Had Salem already forgotten about the boy? About Ozpin? Arthur didn't think so, but she was too angry to focus. Again, it was petty. Pathetic, even. It had been equally foolish how Cinder simply trusted the boy in her mind. Of course he would use his Semblance to strike at her. Arthur couldn't even fault the lad, since it was self-defence at its finest. Though he'd have killed Cinder rather than turn her. A useful ally she may have been, but her loyalties had proven flexible before and would be flexible again in the future.
"If you wish to exact vengeance on Cinder and put Ozpin down, I can extract the boy," Arthur suggested. "It's a task more fitting of my skillset, and I'm hardly going to fall asleep near him and let him harm me."

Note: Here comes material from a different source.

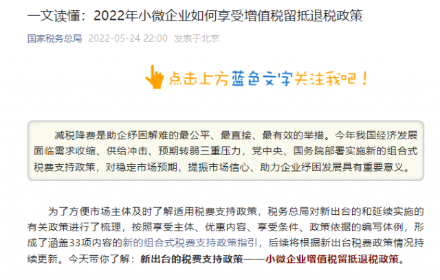 為了方便市場主體及時了解適用稅費支持政策,稅務(wù)總局對新出臺的和延續(xù)實施的有關(guān)政策進行了梳理,按照享受主體、優(yōu)惠內(nèi)容、享受條件、政策依據(jù)的編寫體例,形成了涵蓋33項內(nèi)容的新的組合式稅費支持政策指引,后續(xù)將根據(jù)新出臺稅費政策情況持續(xù)更新。今天帶你了解:新出臺的稅費支持政策——小微企業(yè)增值稅留抵退稅政策。

"And you're not tempted to take his power for your own, Arthur?"
He laughed. "Tempted after seeing what he did to Cinder? No thank you. I'm rather proud of my mind and intellect. Arrogantly so, as you have put it before. I wouldn't dare risk him taking it away from me."
Not so recklessly anyway. No matter how loyal the boy pretended to be, it might always be an act. The only way to be sure was to remove his capacity for free thinking. Arthur already had ideas. Merlot's old research into controlling Grimm might prove useful, and there was always the possibility of a little neurological surgery to remove some of the boy's higher thinking patterns.
Lobotomy was a sham of a practice and nonsense at best, but only if the aim was to heal or fix someone's problems. If the goal was to reduce someone to a broken and malleable state and lessen their quality of life, then it was far more applicable. He wouldn't need the boy capable of reasoning or even feeding himself; he just needed him capable of falling asleep and doing as he was told.
But, for now, he could play along. Cinder hadn't been wrong to cut away from Salem. No, her mistake had been in the timing. Thoughts of betrayal should come when there were less distractions, and when it didn't mean entering a three-way-battle between them, Salem and Ozpin.
"Leave it to me, ma'am. I'll have the boy tranquilised and stolen away. But we had best see to freeing Cinder's little accomplice first. Would it be possible to have a distraction aimed toward Atlas' flagship? Getting her out her cell will be easy; getting her off there if every soldier on board is ready and alert is a little beyond my capabilities."
"At least you know them, Arthur. That makes you more valuable than Cinder ever was. You shall have your distraction. Give me a time and I shall ensure Atlas has plenty to worry about."